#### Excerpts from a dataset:

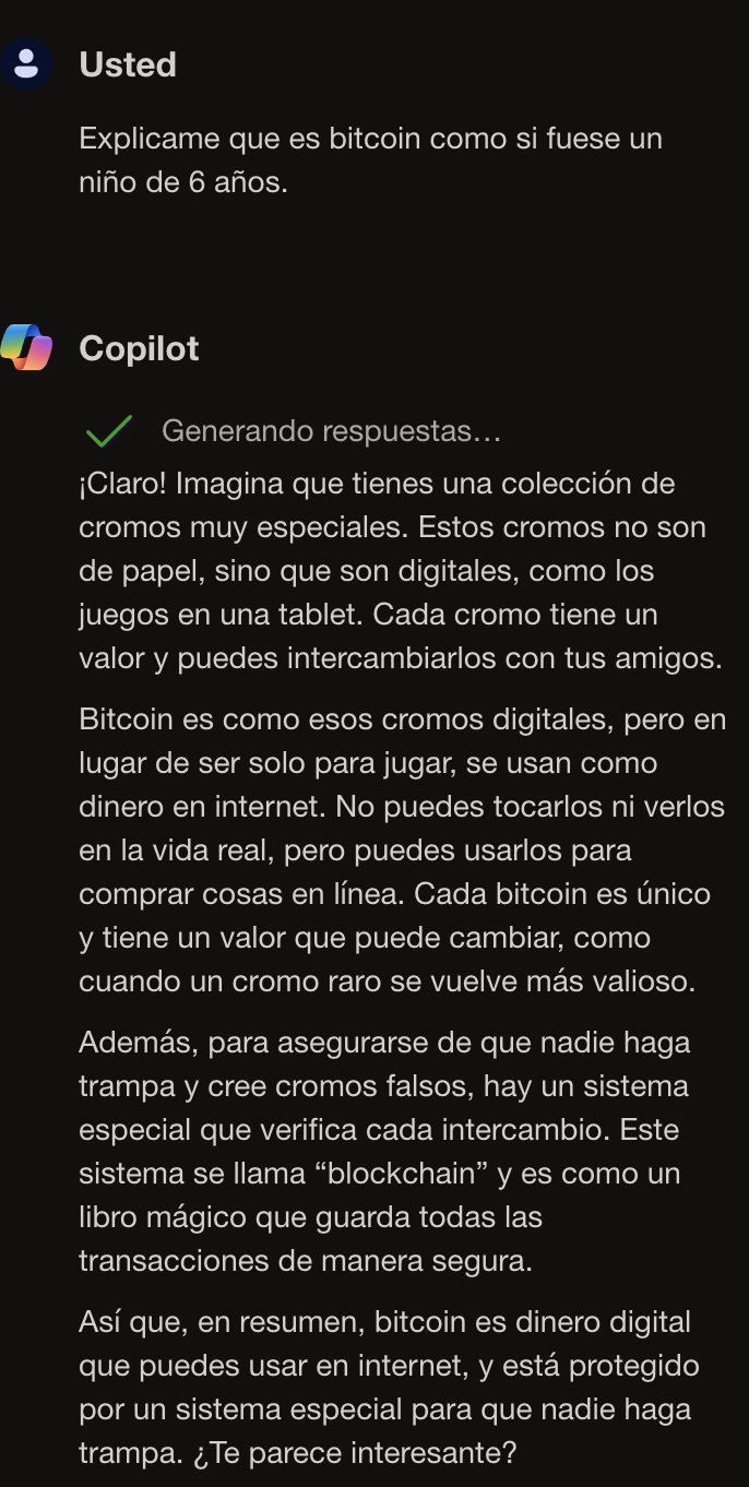 Bitcoin es como un dinero mágico que vive en internet. No es como las monedas de tu hucha, pero sirve para comprar cosas o guardarlo. Es especial porque no pertenece a ningún país ni banco; las personas lo cuidan juntas.
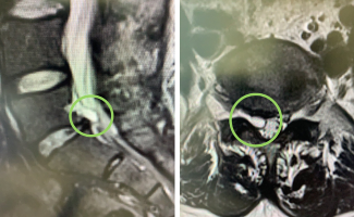 Nice reminder that not all nerve root compression is discogenic in nature. This 43 year old man presented with nerve root symptoms caused by a facet joint cyst that need aspiration. Symptoms improved immediately!
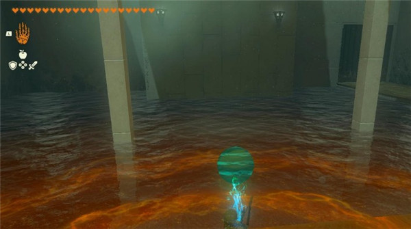在刚刚穿过前方的门后,从左侧的水池底可以找到一个宝箱。
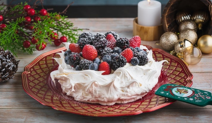 Receta de Pavlova navideña con yogur y frutos rojos, fácil y deliciosa.
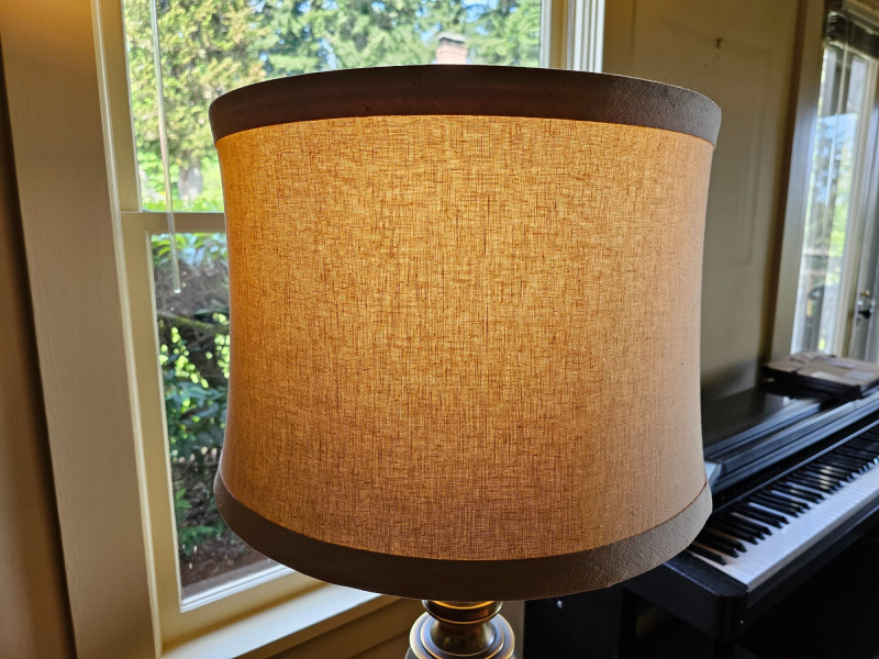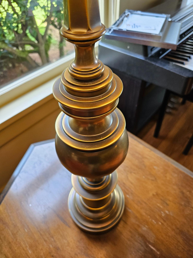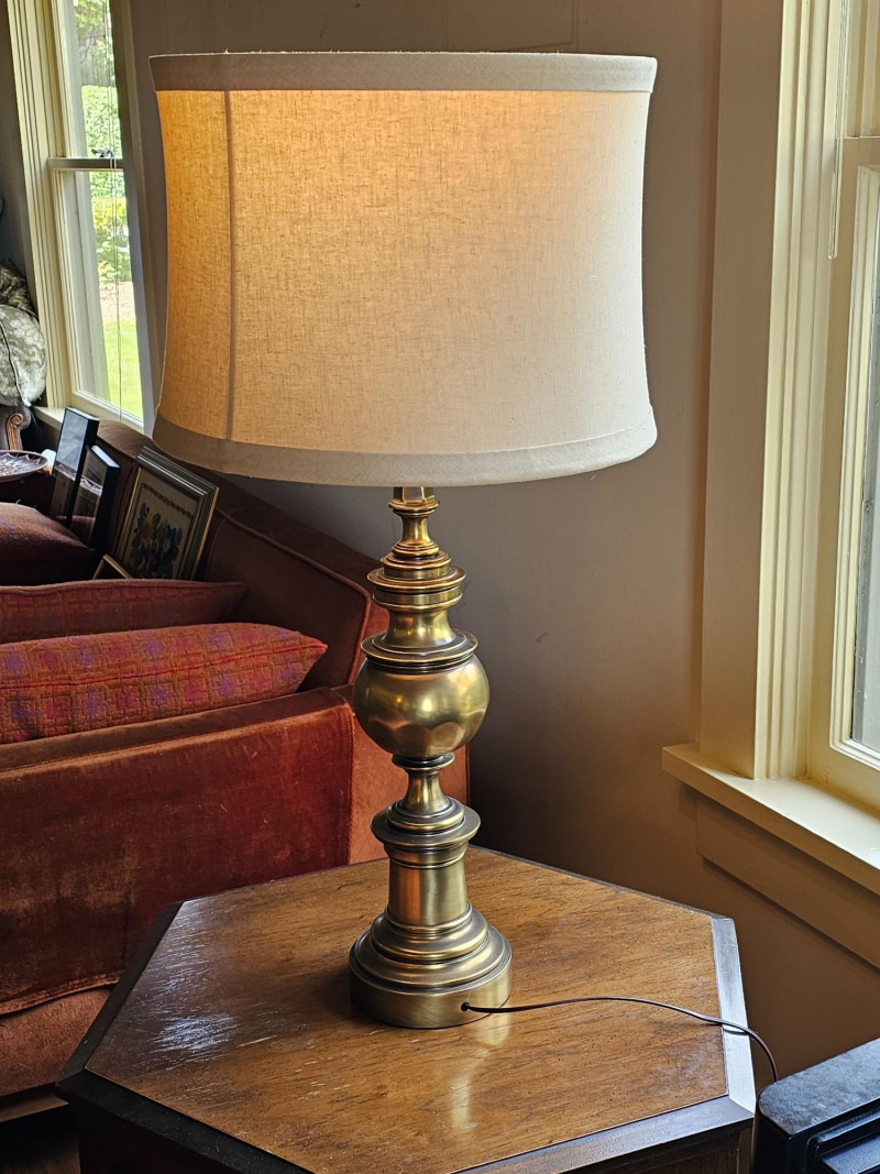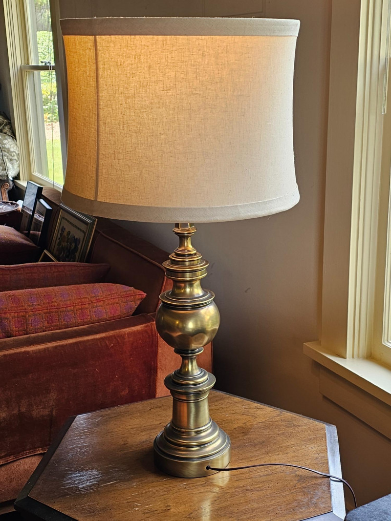 MCM Brass Table Lamp Substantial MCM table lamp with drum shade Gorgeous examples of a heavy brass table lamp to complete your Mid Century Modern look! Tested - Works! 33.5"T x 16.5"W (at lampshade)

#### What the exercise asks:
If a record holds a picture, leave the picture out, but repeat every line exactly.

#### Result for this task:
 Bitcoin es como un dinero mágico que vive en internet. No es como las monedas de tu hucha, pero sirve para comprar cosas o guardarlo. Es especial porque no pertenece a ningún país ni banco; las personas lo cuidan juntas.
 Nice reminder that not all nerve root compression is discogenic in nature. This 43 year old man presented with nerve root symptoms caused by a facet joint cyst that need aspiration. Symptoms improved immediately!
在刚刚穿过前方的门后,从左侧的水池底可以找到一个宝箱。
 Receta de Pavlova navideña con yogur y frutos rojos, fácil y deliciosa.
 MCM Brass Table Lamp Substantial MCM table lamp with drum shade Gorgeous examples of a heavy brass table lamp to complete your Mid Century Modern look! Tested - Works! 33.5"T x 16.5"W (at lampshade)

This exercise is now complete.